» Your goal
When you reach the line with "广州市妇幼保健系统在操作系统" in the data below, begin printing lines exactly, and stop once the line with "校友代表表达对母校和老师们的" has been printed.

Segment Start: Extracted records

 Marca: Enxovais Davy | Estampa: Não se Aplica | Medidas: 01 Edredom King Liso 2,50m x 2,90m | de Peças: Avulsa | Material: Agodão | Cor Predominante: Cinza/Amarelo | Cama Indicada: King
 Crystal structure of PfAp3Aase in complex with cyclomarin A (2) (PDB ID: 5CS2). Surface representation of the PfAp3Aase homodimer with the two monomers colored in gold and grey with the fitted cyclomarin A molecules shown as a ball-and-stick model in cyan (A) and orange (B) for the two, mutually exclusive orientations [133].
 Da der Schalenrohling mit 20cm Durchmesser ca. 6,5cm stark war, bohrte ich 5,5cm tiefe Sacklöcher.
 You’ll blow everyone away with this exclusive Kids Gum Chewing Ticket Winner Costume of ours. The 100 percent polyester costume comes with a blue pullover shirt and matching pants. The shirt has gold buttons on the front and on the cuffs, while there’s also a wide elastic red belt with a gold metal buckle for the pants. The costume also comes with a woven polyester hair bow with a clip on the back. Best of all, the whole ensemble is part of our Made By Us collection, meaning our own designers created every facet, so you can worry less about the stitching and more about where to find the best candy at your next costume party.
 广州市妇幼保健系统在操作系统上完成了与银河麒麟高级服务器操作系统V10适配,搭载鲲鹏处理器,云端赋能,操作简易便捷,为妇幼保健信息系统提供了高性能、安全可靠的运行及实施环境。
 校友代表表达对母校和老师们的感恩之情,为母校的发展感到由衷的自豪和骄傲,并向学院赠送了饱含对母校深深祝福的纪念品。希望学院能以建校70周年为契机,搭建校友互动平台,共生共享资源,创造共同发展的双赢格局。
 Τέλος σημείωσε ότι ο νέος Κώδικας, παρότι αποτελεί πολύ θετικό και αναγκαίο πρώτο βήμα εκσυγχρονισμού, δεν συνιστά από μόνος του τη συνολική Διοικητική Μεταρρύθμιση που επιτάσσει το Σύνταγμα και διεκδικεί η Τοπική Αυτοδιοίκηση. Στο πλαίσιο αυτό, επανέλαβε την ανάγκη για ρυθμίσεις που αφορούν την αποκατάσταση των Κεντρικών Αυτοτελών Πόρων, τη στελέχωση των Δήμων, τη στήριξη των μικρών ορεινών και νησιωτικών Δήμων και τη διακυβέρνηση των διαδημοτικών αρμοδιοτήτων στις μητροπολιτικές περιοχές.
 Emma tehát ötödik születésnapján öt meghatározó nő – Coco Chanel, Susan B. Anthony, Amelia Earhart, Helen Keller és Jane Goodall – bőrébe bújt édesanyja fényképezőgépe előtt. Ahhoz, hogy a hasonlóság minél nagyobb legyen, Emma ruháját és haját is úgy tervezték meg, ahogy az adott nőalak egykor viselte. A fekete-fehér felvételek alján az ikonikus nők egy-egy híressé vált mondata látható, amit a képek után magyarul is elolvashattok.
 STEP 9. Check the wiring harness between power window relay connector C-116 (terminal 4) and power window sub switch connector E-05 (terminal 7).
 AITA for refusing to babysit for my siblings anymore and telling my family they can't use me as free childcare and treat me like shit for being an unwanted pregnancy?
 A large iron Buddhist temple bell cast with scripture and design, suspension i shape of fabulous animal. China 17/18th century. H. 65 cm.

Segment End: Extracted records
Segment Start: Extracted records

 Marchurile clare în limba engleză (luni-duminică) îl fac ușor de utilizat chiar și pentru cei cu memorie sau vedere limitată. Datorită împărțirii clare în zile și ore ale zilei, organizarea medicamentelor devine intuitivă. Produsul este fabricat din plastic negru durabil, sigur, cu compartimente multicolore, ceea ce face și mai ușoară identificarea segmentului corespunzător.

Segment End: Extracted records
Segment Start: Extracted records

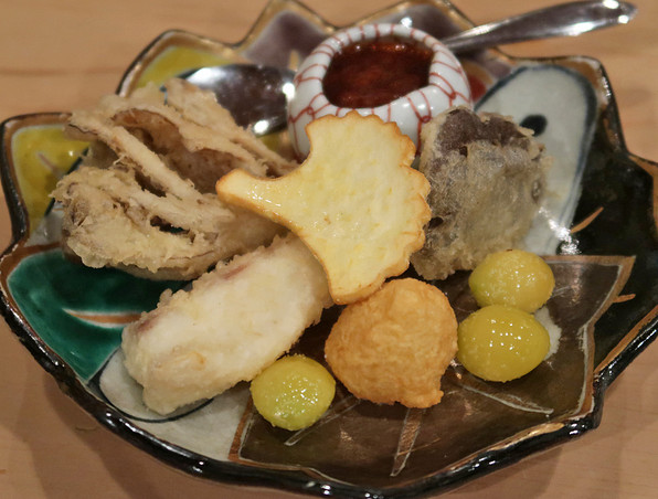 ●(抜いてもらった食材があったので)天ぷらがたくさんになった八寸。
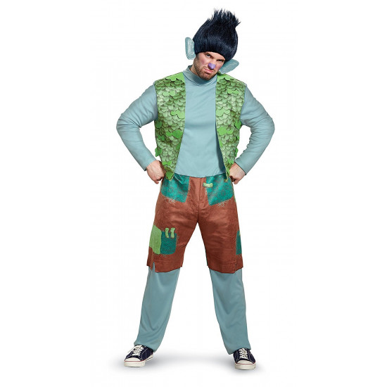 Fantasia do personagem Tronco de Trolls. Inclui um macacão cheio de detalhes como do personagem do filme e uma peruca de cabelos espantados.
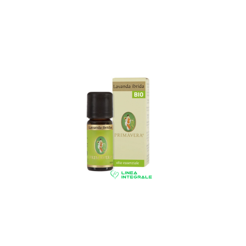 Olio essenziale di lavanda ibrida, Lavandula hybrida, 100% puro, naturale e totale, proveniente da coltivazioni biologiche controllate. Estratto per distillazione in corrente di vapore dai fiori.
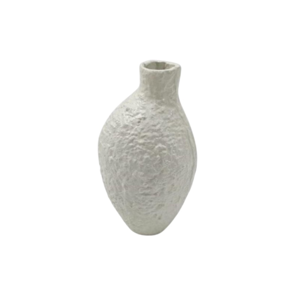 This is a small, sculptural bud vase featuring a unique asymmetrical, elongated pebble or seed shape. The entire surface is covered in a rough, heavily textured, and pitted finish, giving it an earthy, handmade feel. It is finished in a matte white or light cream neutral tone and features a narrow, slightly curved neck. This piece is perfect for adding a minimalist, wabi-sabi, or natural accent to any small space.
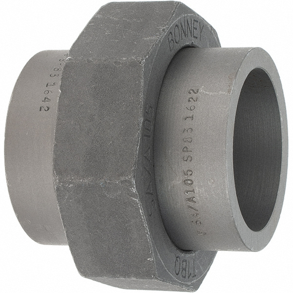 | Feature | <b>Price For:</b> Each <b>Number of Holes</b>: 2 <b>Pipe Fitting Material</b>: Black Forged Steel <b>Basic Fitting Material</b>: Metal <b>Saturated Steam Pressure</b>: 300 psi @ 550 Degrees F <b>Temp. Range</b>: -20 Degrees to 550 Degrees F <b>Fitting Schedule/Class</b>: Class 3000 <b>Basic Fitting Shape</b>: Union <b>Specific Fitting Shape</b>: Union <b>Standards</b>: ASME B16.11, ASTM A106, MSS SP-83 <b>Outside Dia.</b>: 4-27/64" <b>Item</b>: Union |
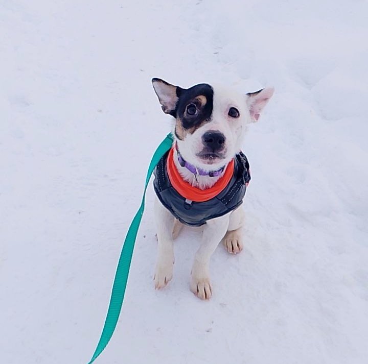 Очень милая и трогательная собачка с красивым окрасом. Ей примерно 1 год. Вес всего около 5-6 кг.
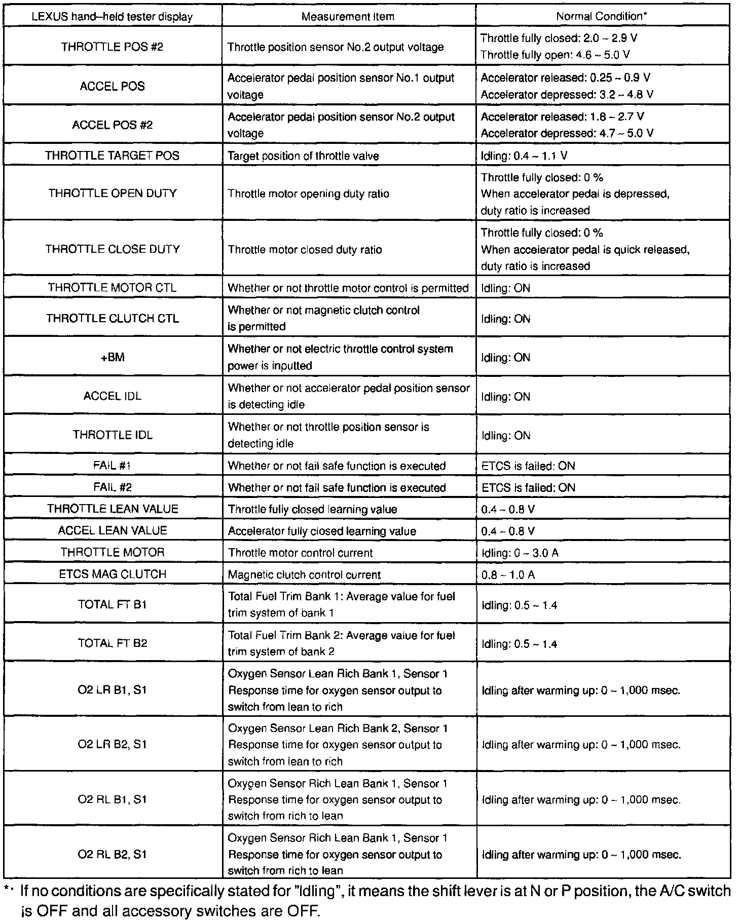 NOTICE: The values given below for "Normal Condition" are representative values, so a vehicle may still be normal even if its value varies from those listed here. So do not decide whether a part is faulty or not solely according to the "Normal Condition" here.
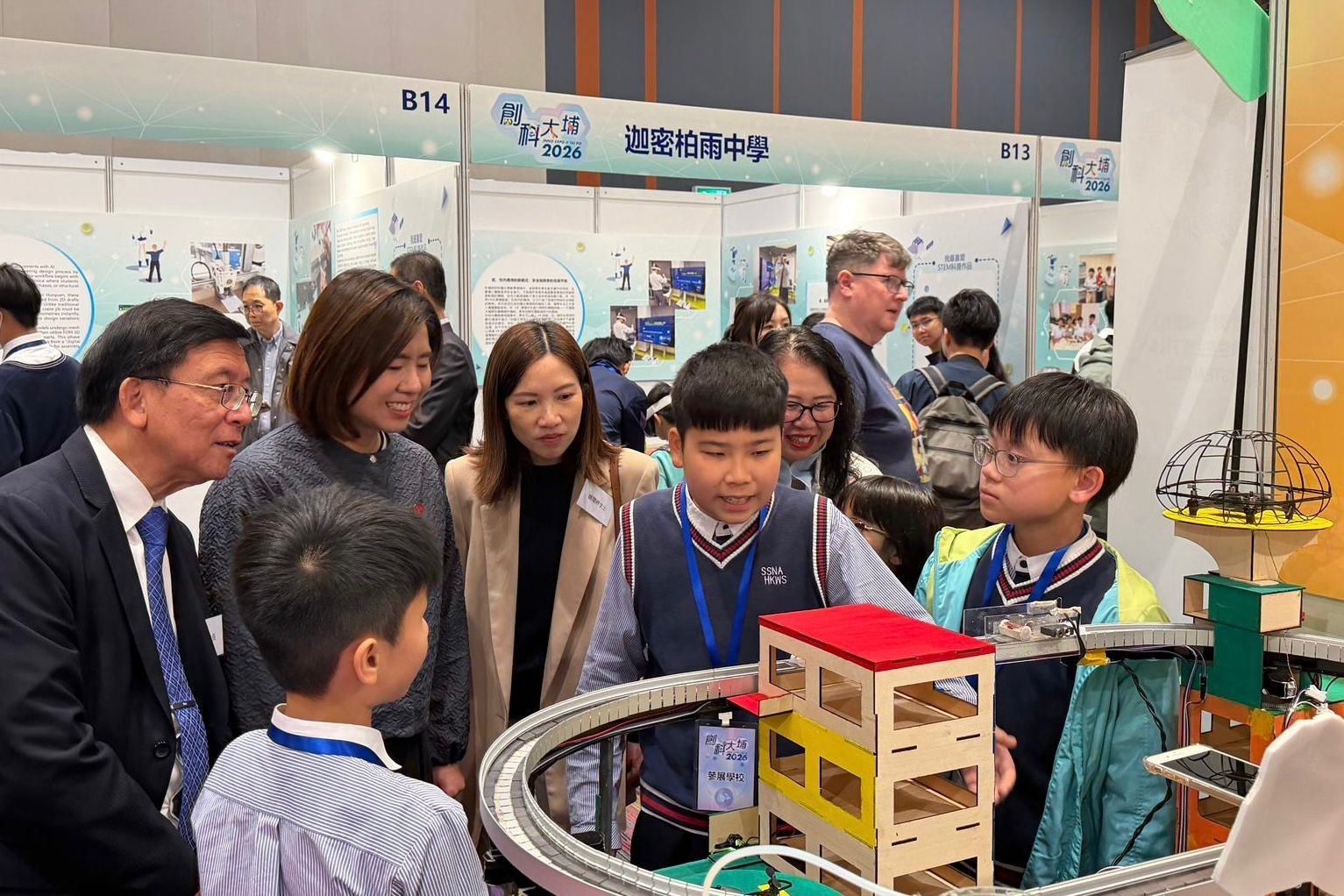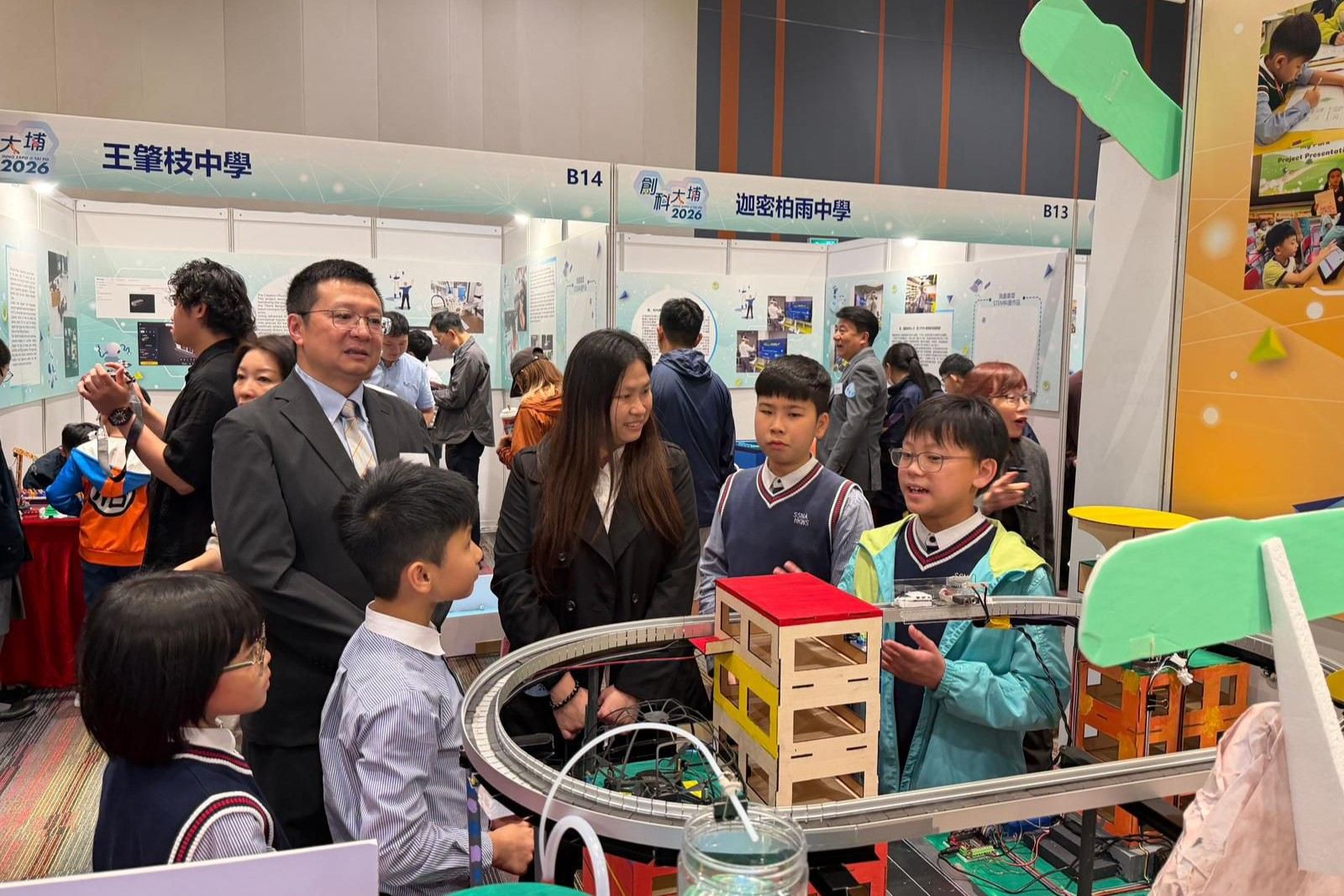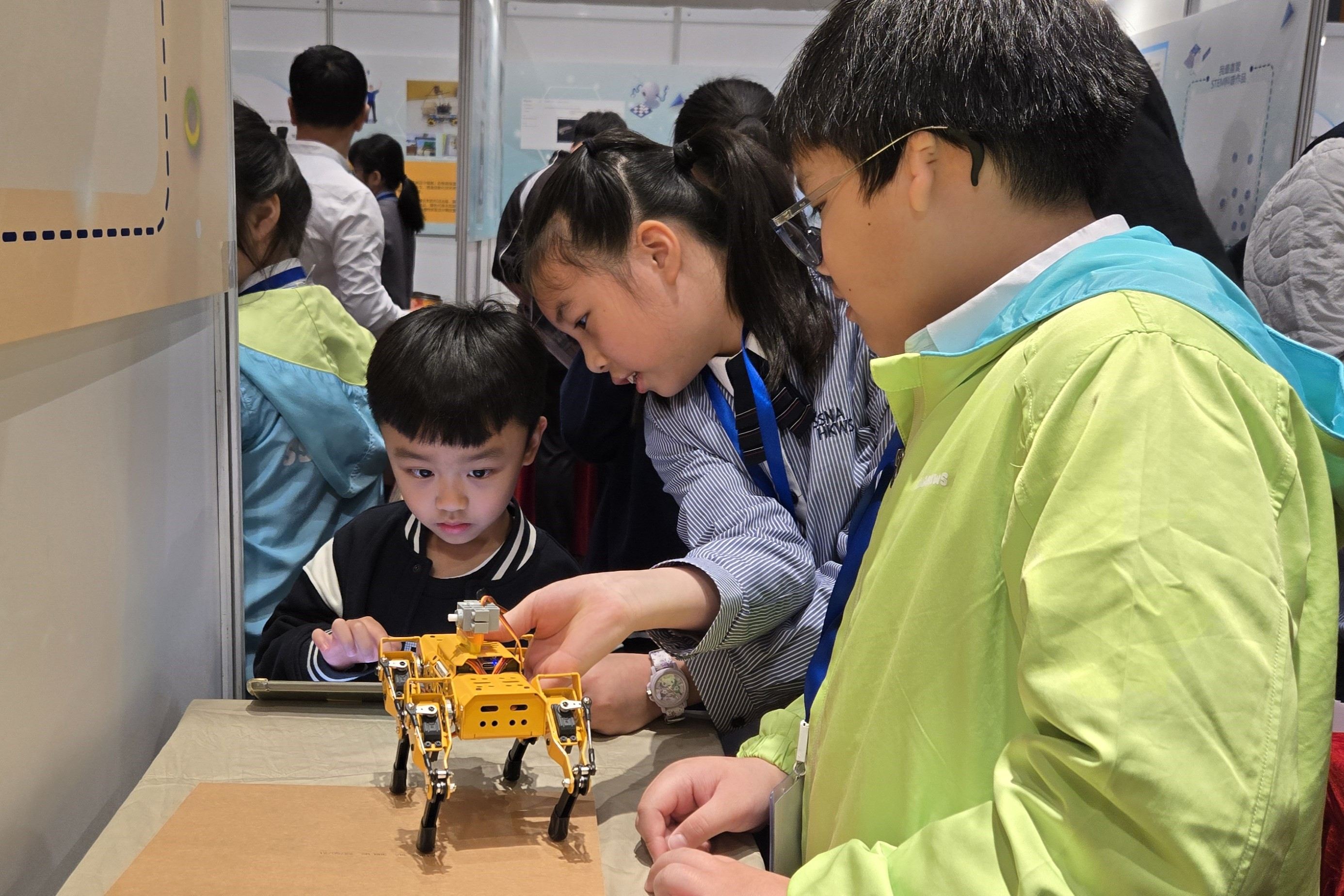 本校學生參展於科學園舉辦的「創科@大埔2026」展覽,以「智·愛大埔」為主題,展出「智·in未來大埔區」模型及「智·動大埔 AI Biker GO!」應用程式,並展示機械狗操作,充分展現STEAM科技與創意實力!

Segment End: Extracted records

» Solution to this exercise
 广州市妇幼保健系统在操作系统上完成了与银河麒麟高级服务器操作系统V10适配,搭载鲲鹏处理器,云端赋能,操作简易便捷,为妇幼保健信息系统提供了高性能、安全可靠的运行及实施环境。
 校友代表表达对母校和老师们的感恩之情,为母校的发展感到由衷的自豪和骄傲,并向学院赠送了饱含对母校深深祝福的纪念品。希望学院能以建校70周年为契机,搭建校友互动平台,共生共享资源,创造共同发展的双赢格局。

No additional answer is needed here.